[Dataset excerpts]
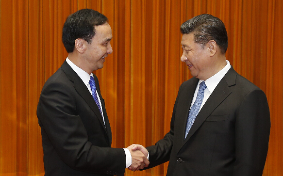「习朱会」昨在北京人民大会堂举行,这是朱立伦首度以新任国民党主席身份拜会中共中央总书记习近平,也是国共两党领导人睽违6年後的首次会见。朱立伦表示,海峡两岸是命运共同体,希望在「九二共识」基础上,促进两岸在区域和平、环保、经济整合等方面携手合作,持续推动两岸关系和平发展。
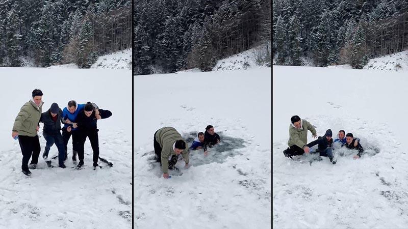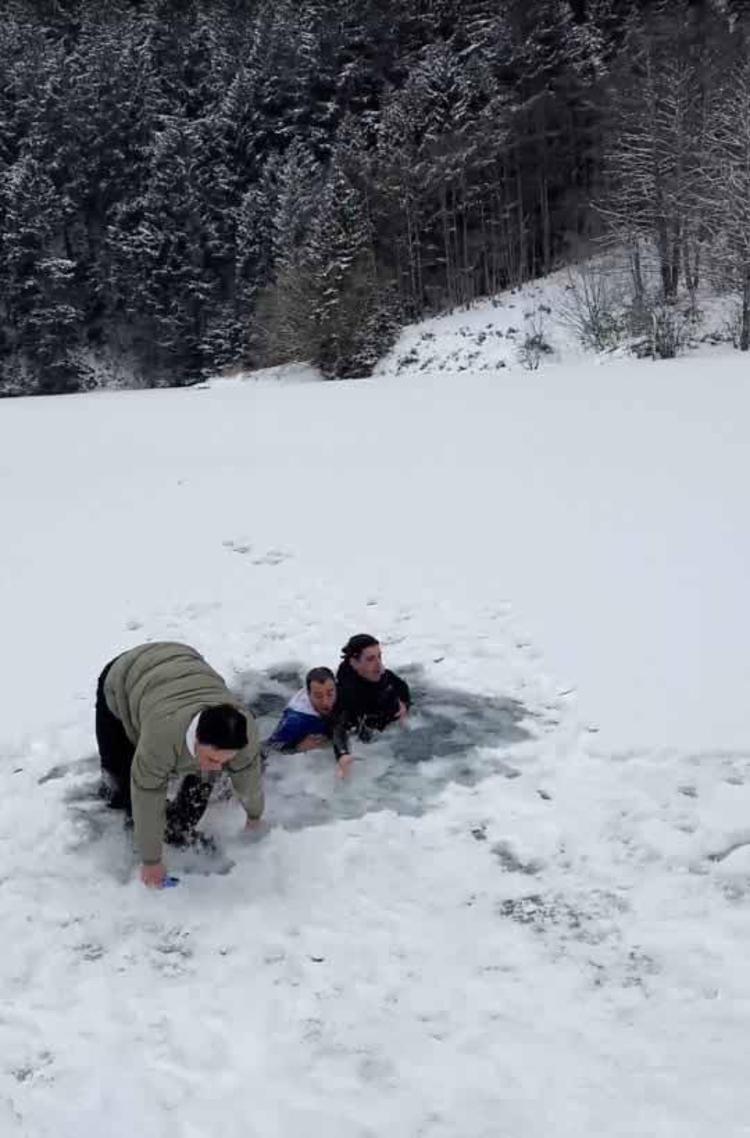 Derenin üzerinde zıplarken buz kırılınca suya düştüler; o anlar kamerada
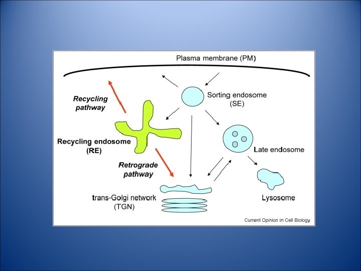 Endoszóma Korai (early) endoszóma: marginális citoplazmában. p. H: 6. 5 -5: a ligandok többsége disszociál a receptoráról (ligand-receptor uncoupling). Fontos organellum a szortirozásban - a plazmamembrán felé: reciklizáló (recycling) endoszóma - a Golgi-apparatus és lizoszóma felé: késői (late) endoszóma Multivezikuláris testek: a korai endoszómák membránja a lumen felé bimbózik sok belső vezikula képződik endoszóma membrán komponensei degradálódnak. Késői (late) endoszóma: mélyebben a citoplazmában, p. H savas. Lizoszómális enzimek akkumulálódnak bennük (vezikuláris transport a trans-Golgi hálózat felöl.
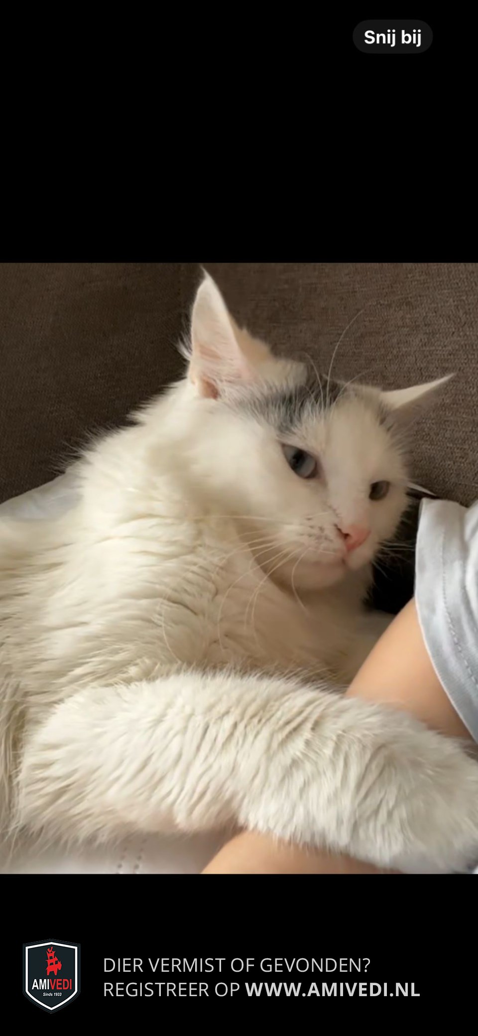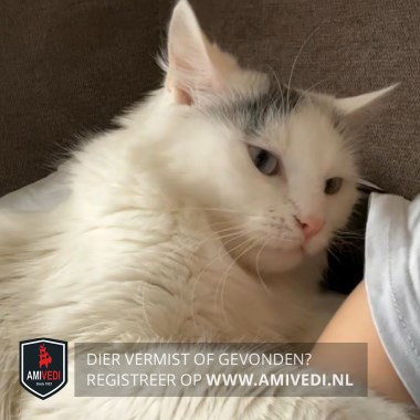 | Signalement | Geheel langharige witte poes met alleen op de kop een grijze vlek direct boven het rechter oog. |
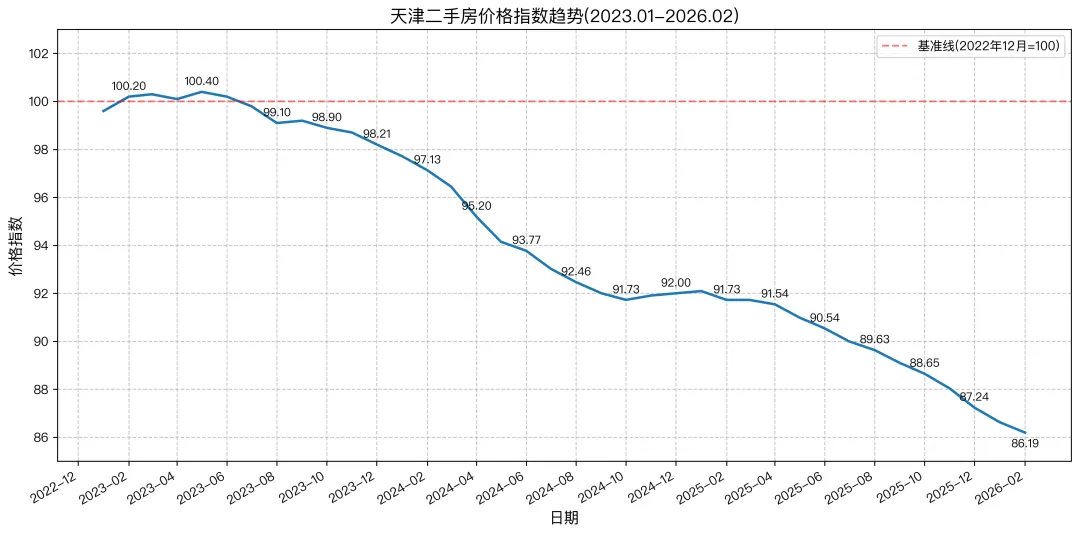 综合看来天津二手房价格指数在近三年内呈现持续下行态势,指数从2022年12月的100下降至2026年2月的86.19,累计跌幅达13.81%。连续38个月中仅少数月份反弹,整体无有效回升信号,2026年1-2 月跌幅未见明显放缓,表明市场整体处于价格调整周期。
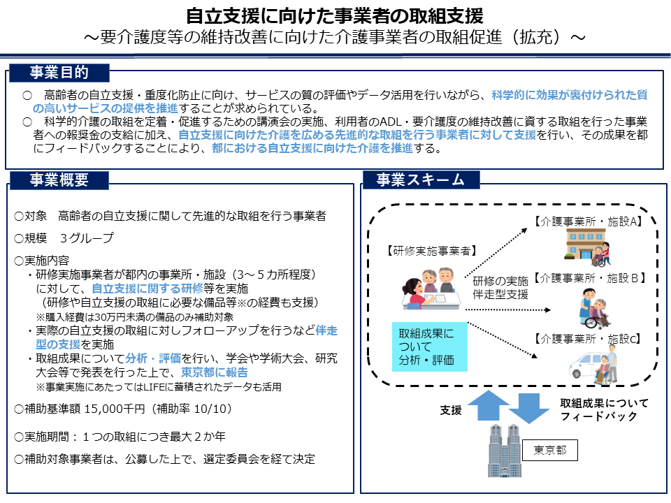 この取組を一層進めるため、高齢者の自立支援に向けた先進的な取組を行う都内の介護事業所や施設への支援を行う事業者を以下のとおり募集します。

Work order »
Whatever pictures the entries contain, omit them, and write the rest out exactly.

Answer area »
「习朱会」昨在北京人民大会堂举行,这是朱立伦首度以新任国民党主席身份拜会中共中央总书记习近平,也是国共两党领导人睽违6年後的首次会见。朱立伦表示,海峡两岸是命运共同体,希望在「九二共识」基础上,促进两岸在区域和平、环保、经济整合等方面携手合作,持续推动两岸关系和平发展。
 Derenin üzerinde zıplarken buz kırılınca suya düştüler; o anlar kamerada
 Endoszóma Korai (early) endoszóma: marginális citoplazmában. p. H: 6. 5 -5: a ligandok többsége disszociál a receptoráról (ligand-receptor uncoupling). Fontos organellum a szortirozásban - a plazmamembrán felé: reciklizáló (recycling) endoszóma - a Golgi-apparatus és lizoszóma felé: késői (late) endoszóma Multivezikuláris testek: a korai endoszómák membránja a lumen felé bimbózik sok belső vezikula képződik endoszóma membrán komponensei degradálódnak. Késői (late) endoszóma: mélyebben a citoplazmában, p. H savas. Lizoszómális enzimek akkumulálódnak bennük (vezikuláris transport a trans-Golgi hálózat felöl.
 | Signalement | Geheel langharige witte poes met alleen op de kop een grijze vlek direct boven het rechter oog. |
 综合看来天津二手房价格指数在近三年内呈现持续下行态势,指数从2022年12月的100下降至2026年2月的86.19,累计跌幅达13.81%。连续38个月中仅少数月份反弹,整体无有效回升信号,2026年1-2 月跌幅未见明显放缓,表明市场整体处于价格调整周期。
 この取組を一層進めるため、高齢者の自立支援に向けた先進的な取組を行う都内の介護事業所や施設への支援を行う事業者を以下のとおり募集します。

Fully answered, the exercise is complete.